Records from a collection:
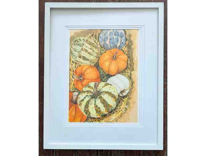 Jane Woker, a local Hancock County artist, painted this eautiful fall painting featuring a variety of vibrant pumpkins nestled among golden leaves, with soft sunlight casting a cozy glow over the scene.
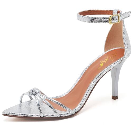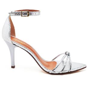 Sandália Feminina Ellas Online Salto Médio Bico Folha Cristal Prata - 34 - Prata
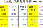 [엔트로피타임즈김소산 기자]기아자동차는 2018년 한해 국내 53만 1700대, 해외 228만500대 등 전년 대비 2.4% 증가한 281만 2200대를 판매했다. 이는, 전년 대비내수 1.9%, 해외 2.5%늘어 총 2.4% 증가, 2015년 이후 3년만에 플러스 성장한 수치다. 차종별 글로벌 판매는 스포티지가 50만 1367대로 베스트 셀링카에, 리오(프라이드)가 35만 5852대, K3(포르테)가 32만8504대로 뒤를 이었다. 내수에서 모닝이 총 23만7601대가 판매돼 1위를 달렸다. K시리즈는 총 14만 5838대가 팔리며전년 대비 27.4% 증가해 뒤를 이었다. RV 모델은 카니발이 7만 6362대, 쏘렌토 6만7200대, 스포티지 3만7373대 등 총 23만2006대가 판매됐다. 해외판매에서는스포티지가 전년 대비 12.1% 증가한 46만3994대로 1위를, 리오(프라이드)가 35만 5852대, K3(포르테)가 28만 3990대로 뒤를 이었다. ■ 2018년 12월, 6.3% 증가 한편, 지난해 12월 한달간 기아차는국내 4만2200대, 해외 19만 8999대 등 총 24만 1199대를 판매했다. 국내시장에서는 K9가 지난 4월 이후 9개월 연속
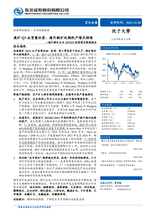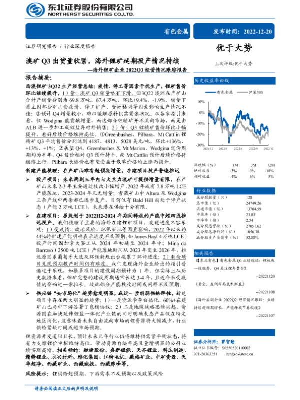 【东北证券】【20221220】澳矿Q3出货量收紧,海外锂矿延期投产情况持续-59页
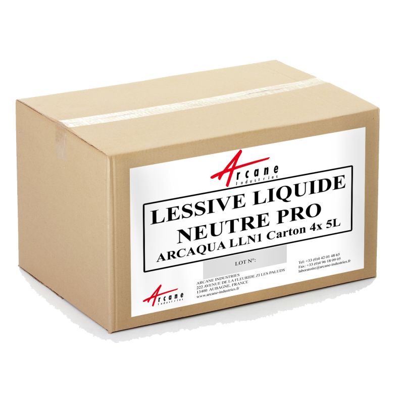 ARCAQUA LLN1 est une lessive liquide neutre professionnelle, sans parfum, destinée au lavage en machine de tous types de textiles en blanchisseries, pressings, hôtellerie et laveries. Sa formule concentrée, efficace dès 30 °C, élimine les taches et salissures tenaces tout en préservant les fibres et les couleurs. Elle offre un rinçage facile et est formulée sans phosphate.
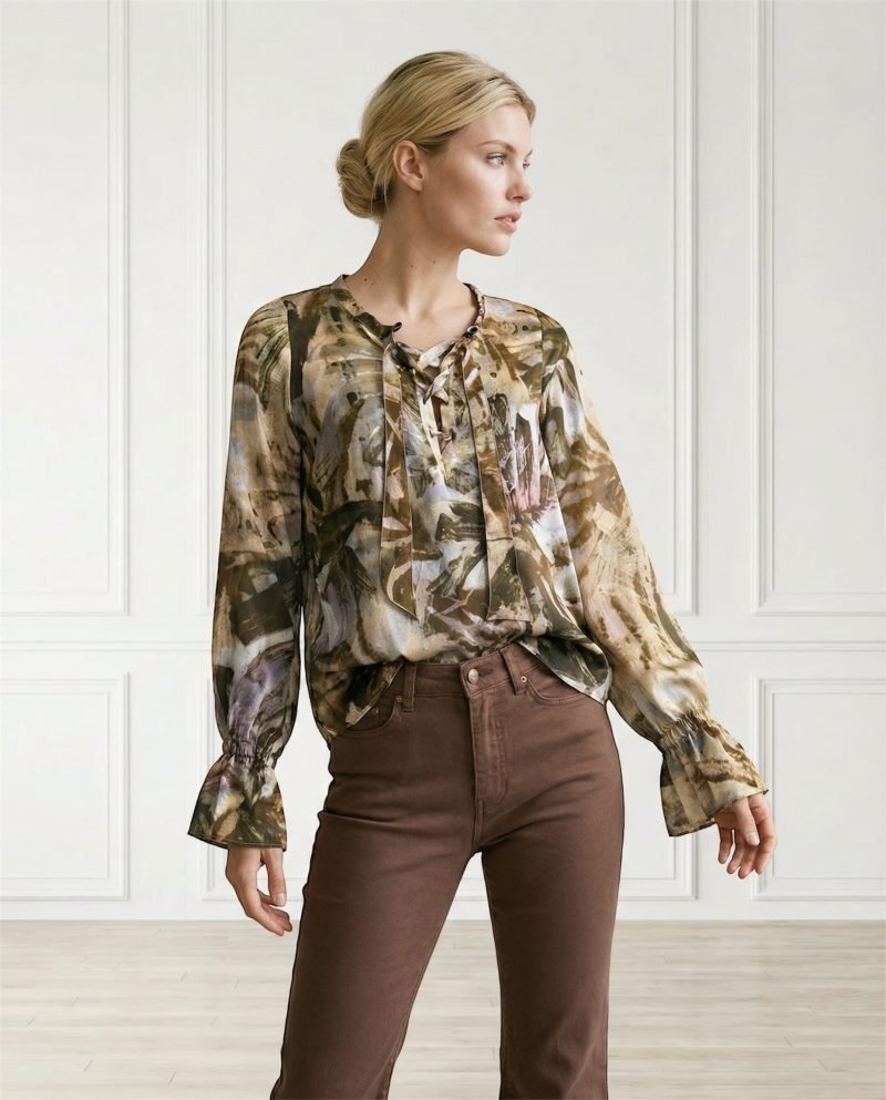 Un capo di carattere che cattura l’essenza della natura attraverso una stampa astratta pennellata. La palette cromatica spazia dai toni del fango e del verde oliva a tocchi di lavanda e crema, creando un effetto camouflage sofisticato.
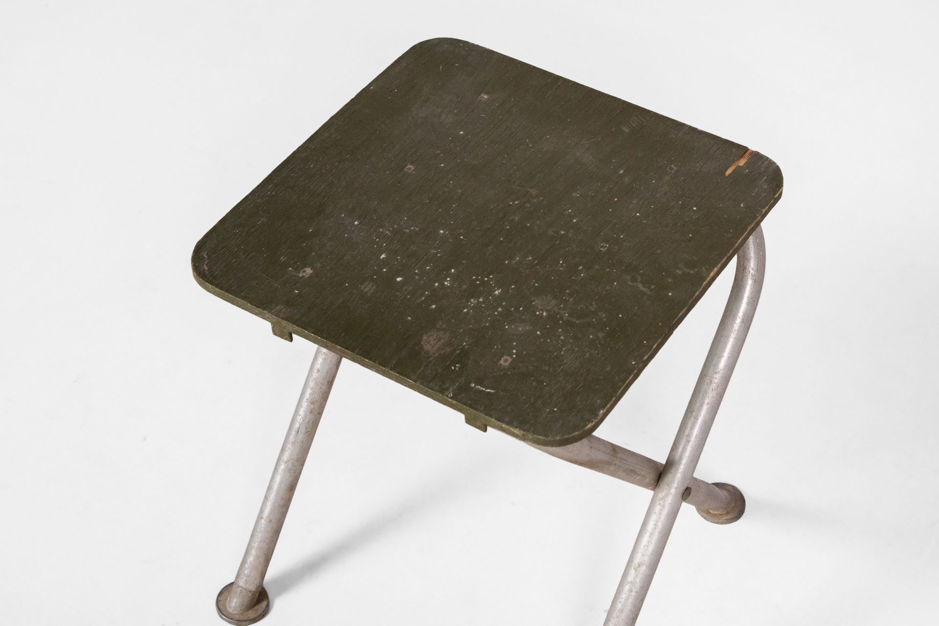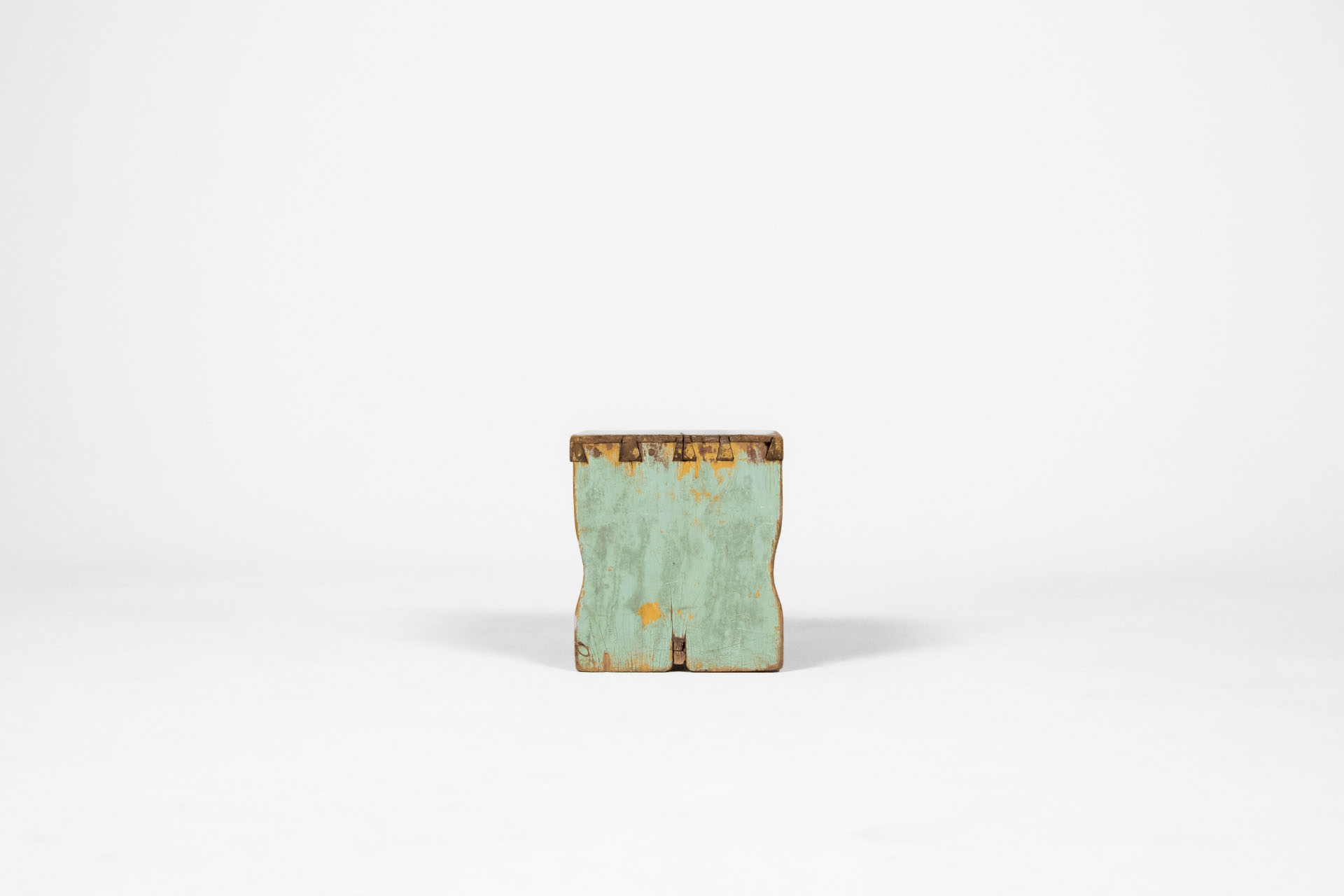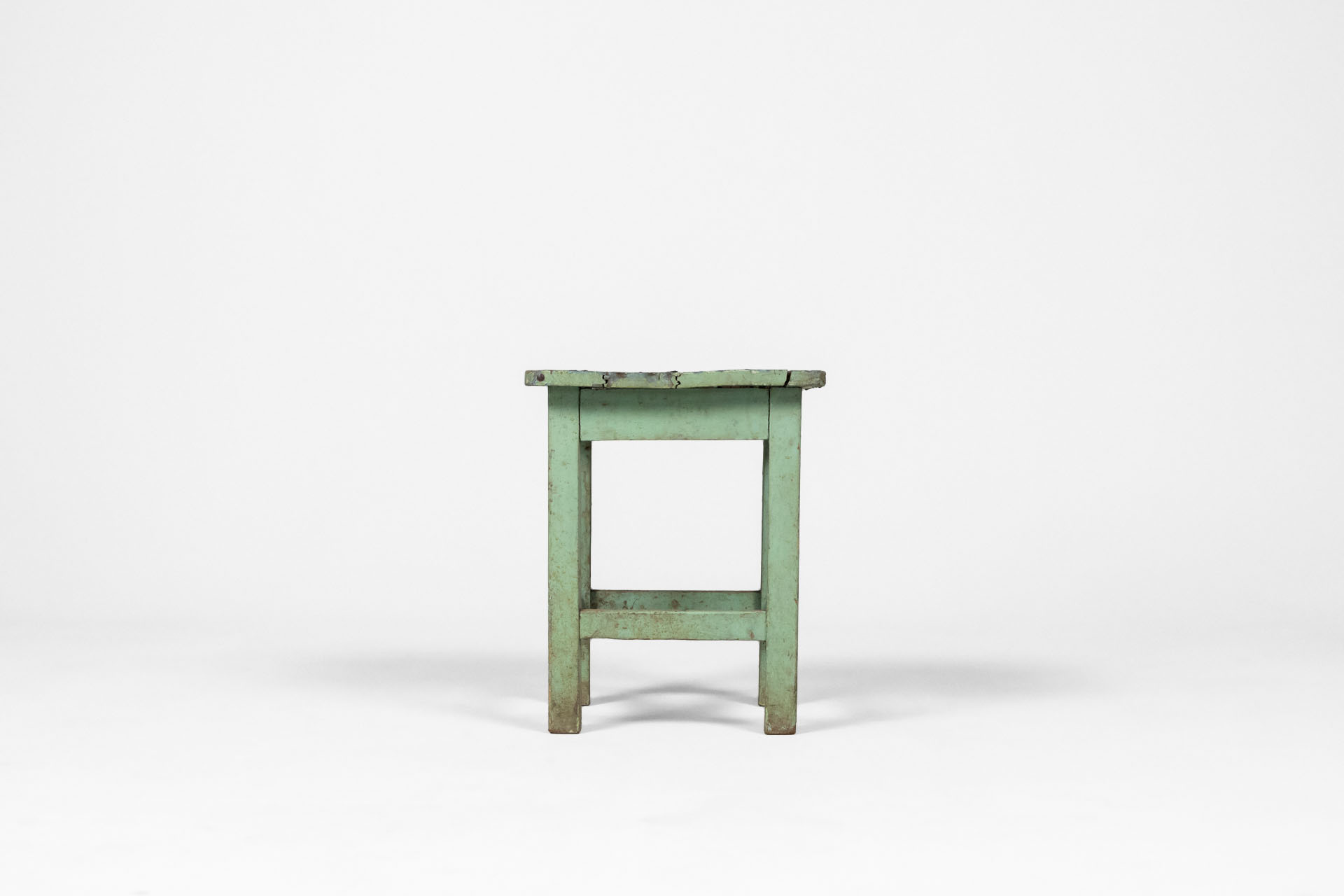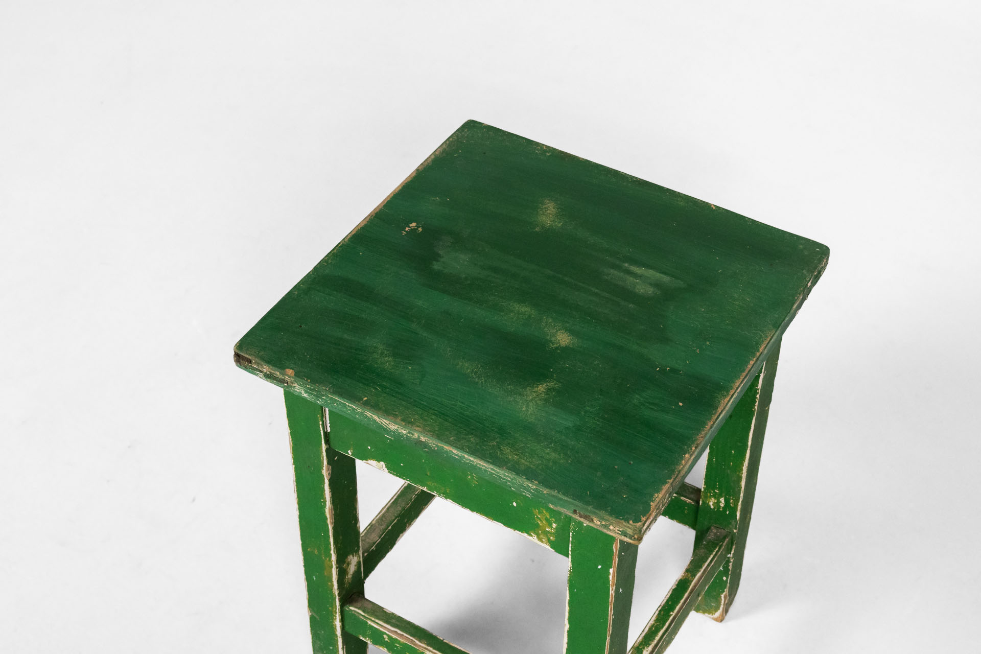 Egyszerű, négyzet alakú, zöld színű hokedli, amely vintage stílusával és kopottas felületével rusztikus hangulatot teremt bármely enteriőrben. Ideális kiegészítője lehet egy vidéki háznak vagy egy retro díszletnek
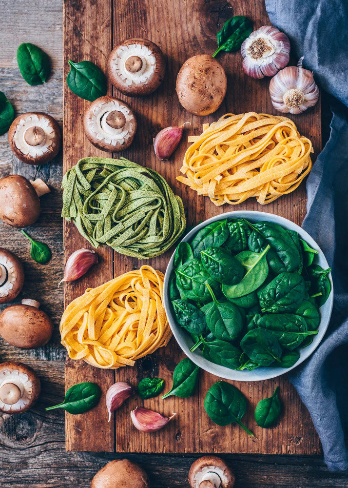 Фотография:  в стиле , Обед, Основное блюдо, Вегетарианская, Веганская, Жарить, Паста, Итальянская кухня, Кулинарные рецепты, Варить, Грибы, 30 минут, Просто, Шпинат, Макароны – фото на INMYROOM

» What needs to be done:
Beginning with the line that contains "Un capo di carattere", repeat every remaining line of the data exactly, the last line included, and omit pictures.

» Reply:
 Un capo di carattere che cattura l’essenza della natura attraverso una stampa astratta pennellata. La palette cromatica spazia dai toni del fango e del verde oliva a tocchi di lavanda e crema, creando un effetto camouflage sofisticato.
 Egyszerű, négyzet alakú, zöld színű hokedli, amely vintage stílusával és kopottas felületével rusztikus hangulatot teremt bármely enteriőrben. Ideális kiegészítője lehet egy vidéki háznak vagy egy retro díszletnek
 Фотография:  в стиле , Обед, Основное блюдо, Вегетарианская, Веганская, Жарить, Паста, Итальянская кухня, Кулинарные рецепты, Варить, Грибы, 30 минут, Просто, Шпинат, Макароны – фото на INMYROOM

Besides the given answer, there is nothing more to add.